Abstract
The immune system is stratified into layers of specialized cells with distinct functions. Recently, Lin28b was shown to serve as a master regulator of fetal lymphopoiesis, programming the development of more innate-like lymphocytes in early life. However, it remains unclear whether Lin28b specifies innate functions in more conventional adaptive lymphocytes. In this report, we discovered that Lin28b promotes the development of a more innate-like lineage of CD8+ T cells that is capable of protecting the host against a wide variety of pathogens in the absence of TCR stimulation. Using RNA-seq and ATAC-seq, we found that Lin28b transcriptionally and epigenetically programs CD8+ T cells to be highly responsive to innate cytokines. We also performed scRNAseq and found that the shift from innate-like CD8+ T cells in early life to adaptive CD8+ T cells in adulthood is mediated by changes in the abundance of distinct subsets of cells.

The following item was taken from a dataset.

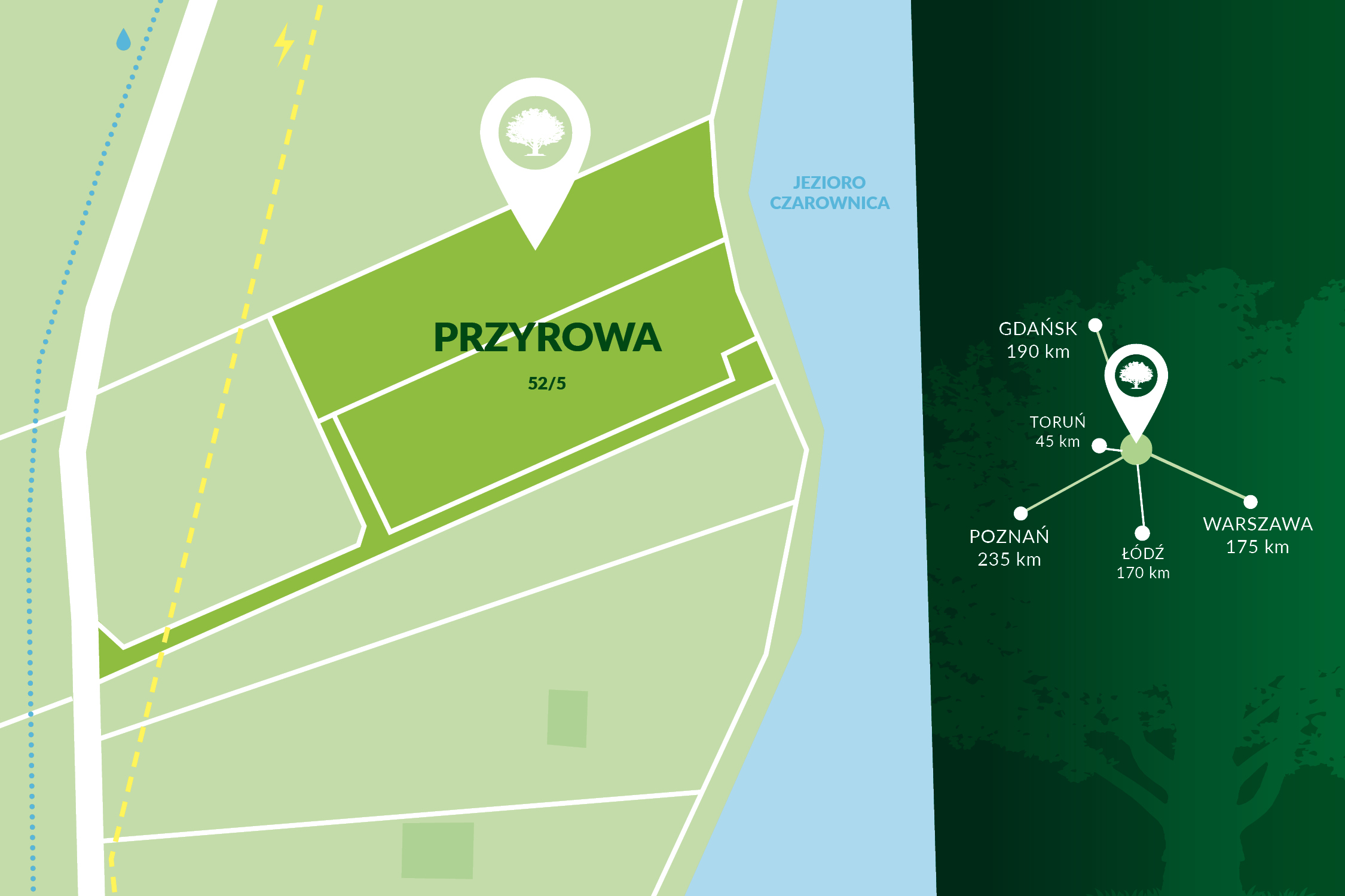 Na sprzedaż dwie działki o numerze ewidencyjnym 52/2, położone w miejscowości Przyrowa, gmina Brzuze, woj. kujawsko-pomorskie. Bezpośredni dostęp do jeziora Czarownica – jeziora rynnowego otoczonego lasami i naturą.
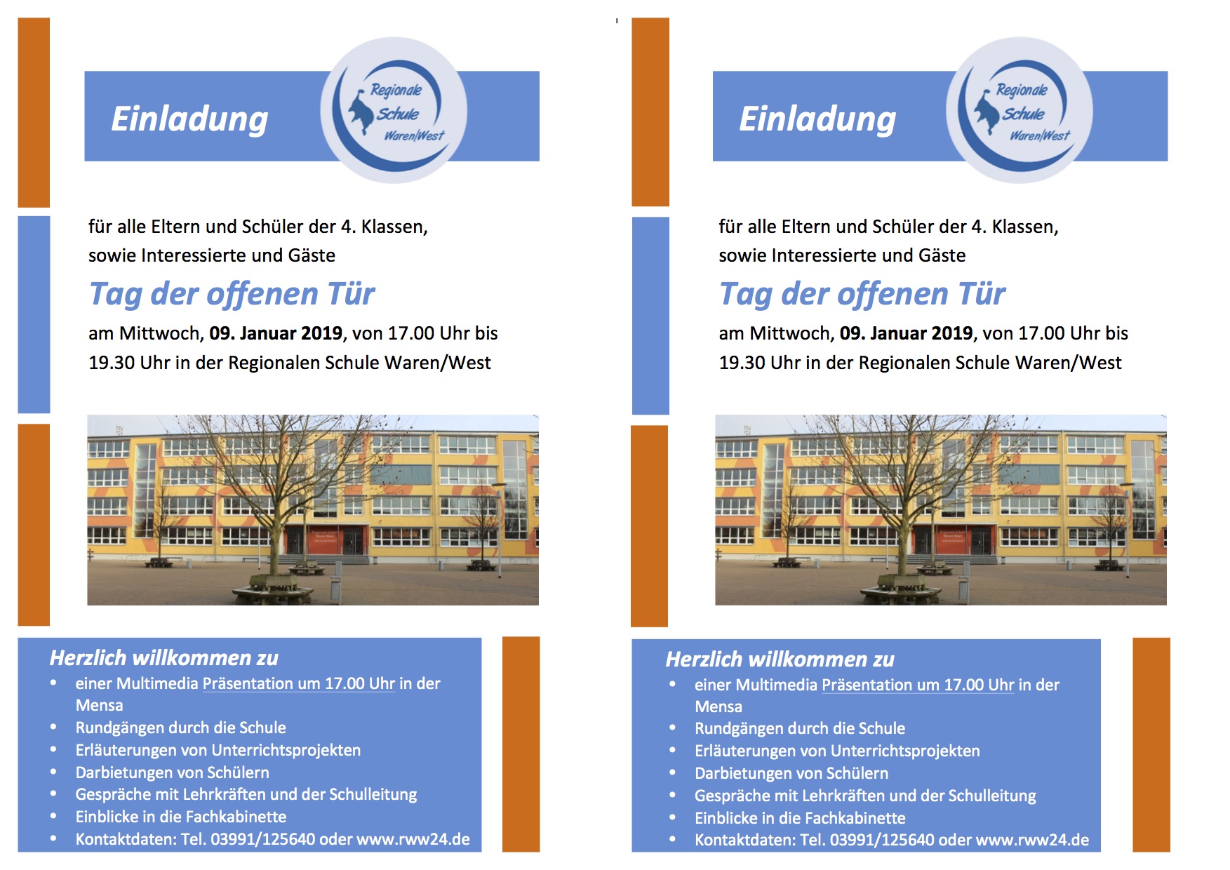 Die Regionale Schule Waren/West lädt wieder zum Tag der offenen Tür, der besonders interessant für Eltern und Schüler der Warener Viertklässler sein dürfte.

Remarkably, the innate CD8+ T cell subset predominates in early life but is also present in adult mice and humans. Collectively, our findings demonstrate that neonatal CD8+ T cells are a distinct lineage of lymphocytes that provide the host with innate defense in early life.
One sentence Summary High-dimensional analysis reveals how Lin28b programs neonatal CD8+ T cells for innate defense.
Competing Interest Statement
The authors have declared no competing interest.